“Smell this,” he said. Neha couldn’t, of course. But Omar described it: Smoke first. Then fruit. Then a slow, building warmth that doesn’t scream—it sings.
Then came the Portuguese navigators, sailing down the coast of Mozambique. They had salt cod and steel nerves, but their food was the color of regret—grey, boiled, and homesick. When they tasted the local chili paste, crushed with garlic, lemon, and oil, they wept. Not from the heat, but from memory . It tasted like the fire they’d left behind in Goa, in Malacca, in every colony where spice was a language of longing.

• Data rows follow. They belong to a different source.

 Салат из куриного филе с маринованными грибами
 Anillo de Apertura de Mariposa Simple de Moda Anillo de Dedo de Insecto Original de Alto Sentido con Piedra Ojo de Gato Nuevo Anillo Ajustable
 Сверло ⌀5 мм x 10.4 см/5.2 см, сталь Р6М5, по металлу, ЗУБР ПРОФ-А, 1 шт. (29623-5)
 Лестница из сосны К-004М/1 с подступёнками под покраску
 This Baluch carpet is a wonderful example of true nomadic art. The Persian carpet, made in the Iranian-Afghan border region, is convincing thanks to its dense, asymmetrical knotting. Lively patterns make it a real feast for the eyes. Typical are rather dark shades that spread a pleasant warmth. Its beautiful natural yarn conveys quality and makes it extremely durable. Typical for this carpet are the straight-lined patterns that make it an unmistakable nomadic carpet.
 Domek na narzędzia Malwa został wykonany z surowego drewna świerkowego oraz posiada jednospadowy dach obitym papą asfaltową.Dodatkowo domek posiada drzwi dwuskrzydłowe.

Once, there was no peri peri. There was only the African bird’s-eye chili—small, furious, and red as a sunset over the savannah. The Pili Pili, they called it in Swahili. Pepper, pepper. what is peri peri masala
For centuries, it stayed in Africa and Portugal. Then, in the 1980s, a man named Fernando Duarte opened a tiny restaurant called Frango no Forno just outside Johannesburg. He had a secret: he didn’t just marinate his chicken in the standard oil, lemon, chili, garlic, and vinegar. He dry-rubbed it first with his grandmother’s peri peri masala —the one with the telltale Indian influence from the Goan cooks who’d settled in Mozambique.

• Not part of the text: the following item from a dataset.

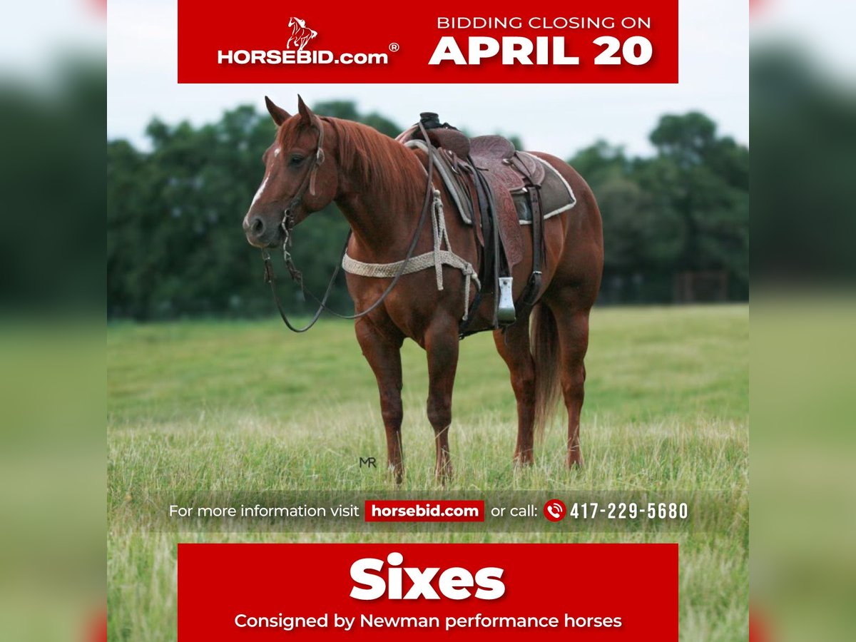 Sixes, 6 jaar oude, 15 hh kastanjebruine AQHA ruin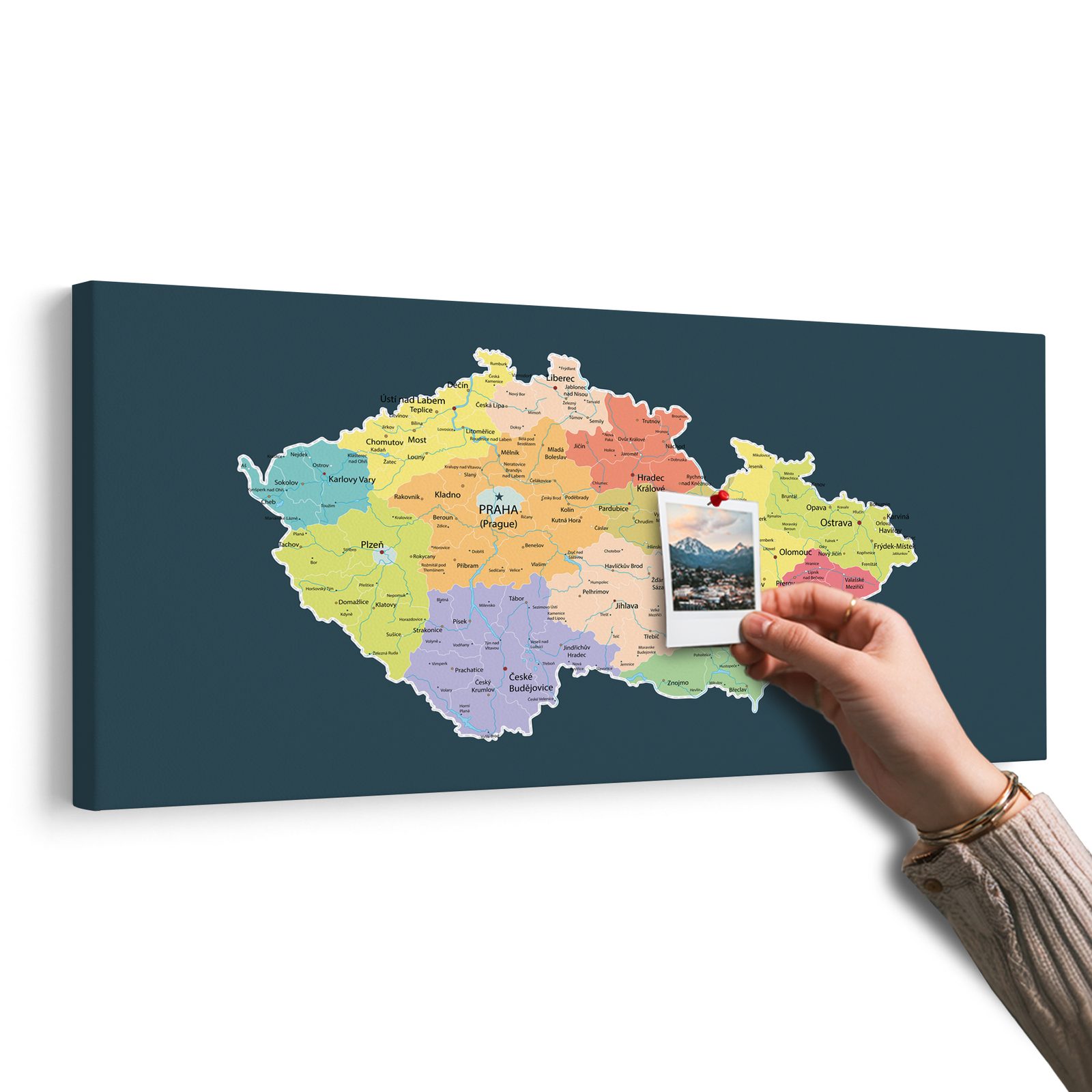 Quadro su tela in sughero con la mappa della Repubblica Ceca su uno sfondo scuro offre una visione unica del nostro paese. La mappa è suddivisa in diverse regioni con colori vivaci, rendendo facile l'orientamento e aggiungendo attrattiva visiva. Lo sfondo scuro crea un contrasto che mette in risalto i dettagli della mappa e le conferisce un aspetto moderno. Questo quadro è la scelta ideale per uffici, studi o come decorazione originale per il soggiorno. La stampa di alta qualità e l'uso del sughero garantiscono una lunga durata e una facile manutenzione del prodotto.

But the bottle, Neha, is a lie.
He held up a small brass bowl.
Omar paused the voice note, rummaged in his spice box, and then resumed. “Smell this,” he said
“Two dried bird’s-eye chilies, toasted until they smell like a campfire. One tablespoon smoked paprika—the cheap one, because the fancy kind is too polite. One teaspoon garlic powder, because raw garlic is for the wet marinade. One teaspoon dried oregano, crushed between your palms. Half a teaspoon cumin seeds, roasted. A quarter teaspoon black pepper. A pinch of sugar. A tiny, tiny scrape of nutmeg—this is the secret. And salt. Always salt.”